- Work required:
Every line of the material that follows must be printed again exactly.

..........

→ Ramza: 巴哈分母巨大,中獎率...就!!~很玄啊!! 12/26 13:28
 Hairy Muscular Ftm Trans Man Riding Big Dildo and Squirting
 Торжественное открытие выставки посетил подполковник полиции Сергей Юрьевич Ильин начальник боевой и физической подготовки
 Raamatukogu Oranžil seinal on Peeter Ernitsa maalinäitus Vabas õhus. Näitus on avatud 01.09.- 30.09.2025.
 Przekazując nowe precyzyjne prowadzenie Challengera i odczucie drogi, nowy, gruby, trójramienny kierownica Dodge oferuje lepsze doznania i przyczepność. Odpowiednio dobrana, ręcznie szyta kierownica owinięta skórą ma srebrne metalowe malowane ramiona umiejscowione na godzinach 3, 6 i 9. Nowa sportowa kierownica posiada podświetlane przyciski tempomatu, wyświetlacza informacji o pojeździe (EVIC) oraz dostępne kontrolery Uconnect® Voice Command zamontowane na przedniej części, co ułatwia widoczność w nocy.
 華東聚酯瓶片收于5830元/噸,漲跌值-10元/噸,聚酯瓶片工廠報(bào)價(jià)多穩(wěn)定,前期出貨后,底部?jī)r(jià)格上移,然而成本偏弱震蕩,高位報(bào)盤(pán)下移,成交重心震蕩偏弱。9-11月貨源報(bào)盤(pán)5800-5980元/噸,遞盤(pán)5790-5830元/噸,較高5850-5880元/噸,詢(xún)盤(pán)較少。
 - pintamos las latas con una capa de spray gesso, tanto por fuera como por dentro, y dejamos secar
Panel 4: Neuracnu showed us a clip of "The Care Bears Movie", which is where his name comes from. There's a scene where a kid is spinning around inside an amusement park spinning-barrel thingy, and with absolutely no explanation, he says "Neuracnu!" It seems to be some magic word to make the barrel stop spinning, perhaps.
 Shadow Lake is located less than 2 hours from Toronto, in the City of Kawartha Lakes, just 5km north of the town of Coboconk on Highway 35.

..........

- Result of this task:
→ Ramza: 巴哈分母巨大,中獎率...就!!~很玄啊!! 12/26 13:28
 Hairy Muscular Ftm Trans Man Riding Big Dildo and Squirting
 Торжественное открытие выставки посетил подполковник полиции Сергей Юрьевич Ильин начальник боевой и физической подготовки
 Raamatukogu Oranžil seinal on Peeter Ernitsa maalinäitus Vabas õhus. Näitus on avatud 01.09.- 30.09.2025.
 Przekazując nowe precyzyjne prowadzenie Challengera i odczucie drogi, nowy, gruby, trójramienny kierownica Dodge oferuje lepsze doznania i przyczepność. Odpowiednio dobrana, ręcznie szyta kierownica owinięta skórą ma srebrne metalowe malowane ramiona umiejscowione na godzinach 3, 6 i 9. Nowa sportowa kierownica posiada podświetlane przyciski tempomatu, wyświetlacza informacji o pojeździe (EVIC) oraz dostępne kontrolery Uconnect® Voice Command zamontowane na przedniej części, co ułatwia widoczność w nocy.
 華東聚酯瓶片收于5830元/噸,漲跌值-10元/噸,聚酯瓶片工廠報(bào)價(jià)多穩(wěn)定,前期出貨后,底部?jī)r(jià)格上移,然而成本偏弱震蕩,高位報(bào)盤(pán)下移,成交重心震蕩偏弱。9-11月貨源報(bào)盤(pán)5800-5980元/噸,遞盤(pán)5790-5830元/噸,較高5850-5880元/噸,詢(xún)盤(pán)較少。
 - pintamos las latas con una capa de spray gesso, tanto por fuera como por dentro, y dejamos secar
Panel 4: Neuracnu showed us a clip of "The Care Bears Movie", which is where his name comes from. There's a scene where a kid is spinning around inside an amusement park spinning-barrel thingy, and with absolutely no explanation, he says "Neuracnu!" It seems to be some magic word to make the barrel stop spinning, perhaps.
 Shadow Lake is located less than 2 hours from Toronto, in the City of Kawartha Lakes, just 5km north of the town of Coboconk on Highway 35.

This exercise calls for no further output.